AVAILABLE DATA:

**********

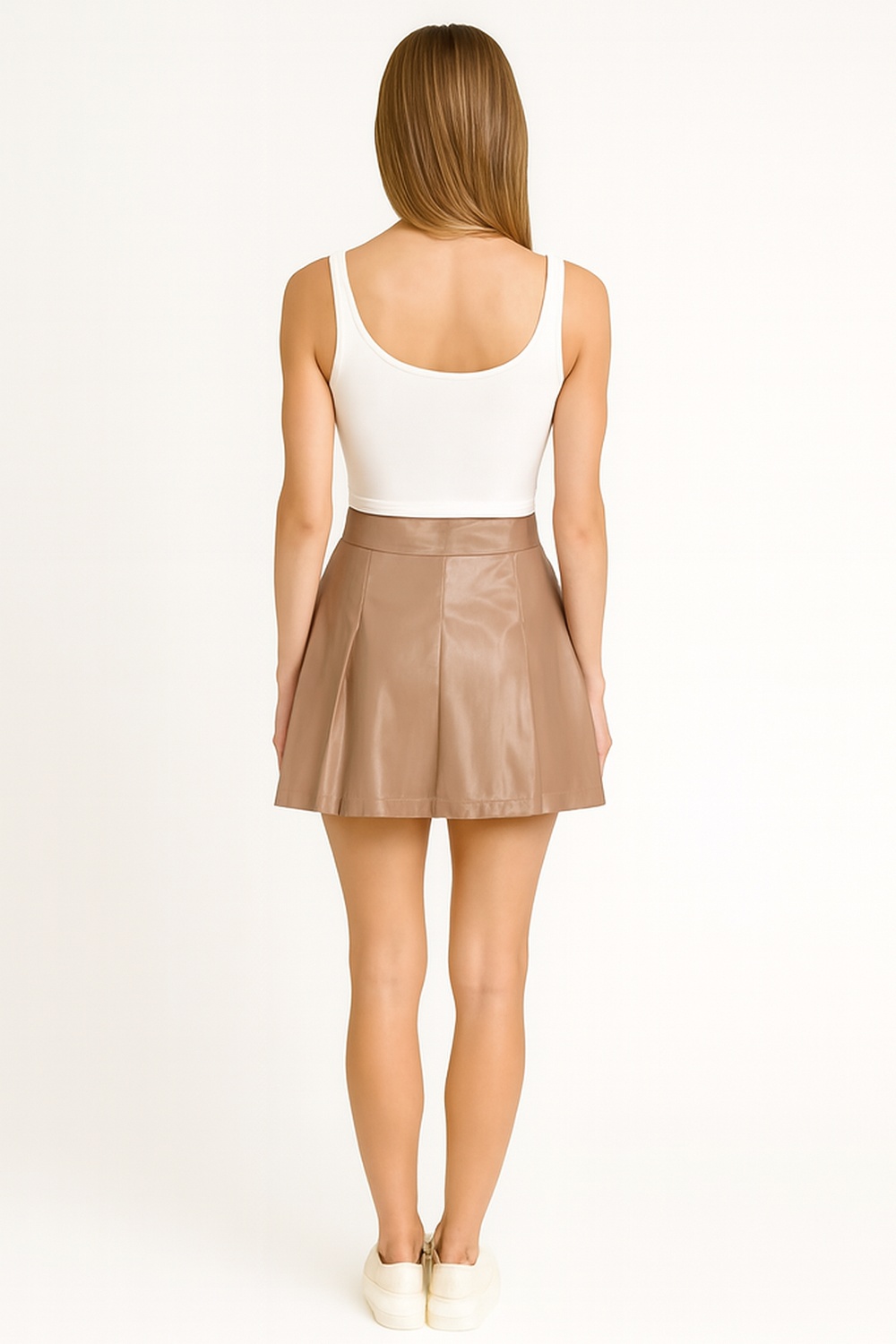 Falda short con diseño de tablones al frente que aporta volumen y estilo moderno, pretina ancha con botón lateral que brinda ajuste seguro, silueta corta con short interno que añade practicidad y comodidad, confeccionada en tejido resistente con acabado suave, costuras reforzadas que aseguran mayor durabilidad
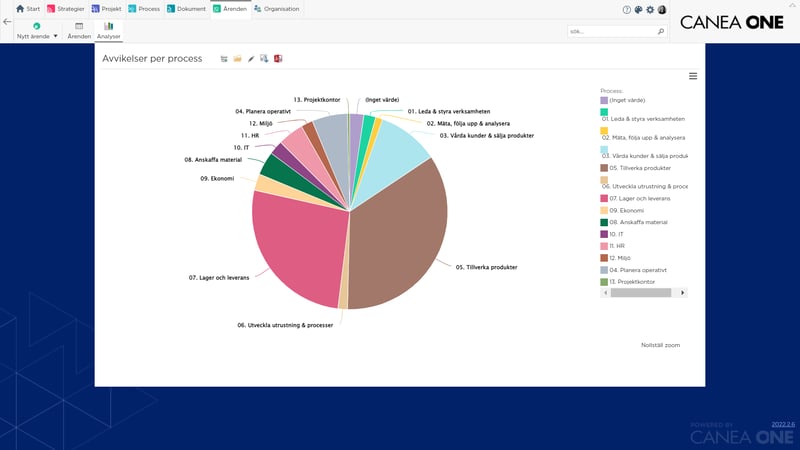 CANEA ONEs ärendehantering har i många år, och med goda framgångar, använts av våra kunder för hantering av kvalitetsärenden likt: avvikelser, ändringar, klagomål, förbättringsarbete, korrigerande åtgärder, förebyggande åtgärder, revisioner, leverantörs-utvärderingar, risker med mera. Med hjälp av dessa styrda och kontrollerade processer så skapas ökad effektivitet & kvalitetssäkring samt bättre processefterlevnad. Genom funktioner för uppföljning och statistik kan ex. avvikelser som defekter på produkter systematiskt analyseras och elimineras. Möjlighet att lösa grundorsakerna till problem och förebygga dessa för att säkerställa kvalitet och säkerhet i era processer och hos era produkter.
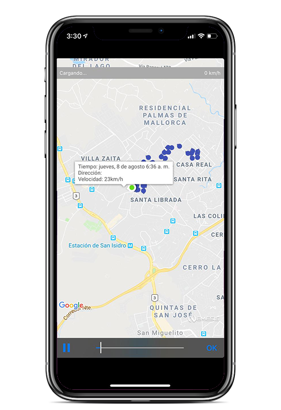 Le permitirá ver sobre el mapa en tiempo real el desplazamiento de su vehículo.

**********

Each line from the first line of the listing through the line with "CANEA ONEs ärendehantering" must be printed exactly, both ends included, and no picture may appear.

 Falda short con diseño de tablones al frente que aporta volumen y estilo moderno, pretina ancha con botón lateral que brinda ajuste seguro, silueta corta con short interno que añade practicidad y comodidad, confeccionada en tejido resistente con acabado suave, costuras reforzadas que aseguran mayor durabilidad
 CANEA ONEs ärendehantering har i många år, och med goda framgångar, använts av våra kunder för hantering av kvalitetsärenden likt: avvikelser, ändringar, klagomål, förbättringsarbete, korrigerande åtgärder, förebyggande åtgärder, revisioner, leverantörs-utvärderingar, risker med mera. Med hjälp av dessa styrda och kontrollerade processer så skapas ökad effektivitet & kvalitetssäkring samt bättre processefterlevnad. Genom funktioner för uppföljning och statistik kan ex. avvikelser som defekter på produkter systematiskt analyseras och elimineras. Möjlighet att lösa grundorsakerna till problem och förebygga dessa för att säkerställa kvalitet och säkerhet i era processer och hos era produkter.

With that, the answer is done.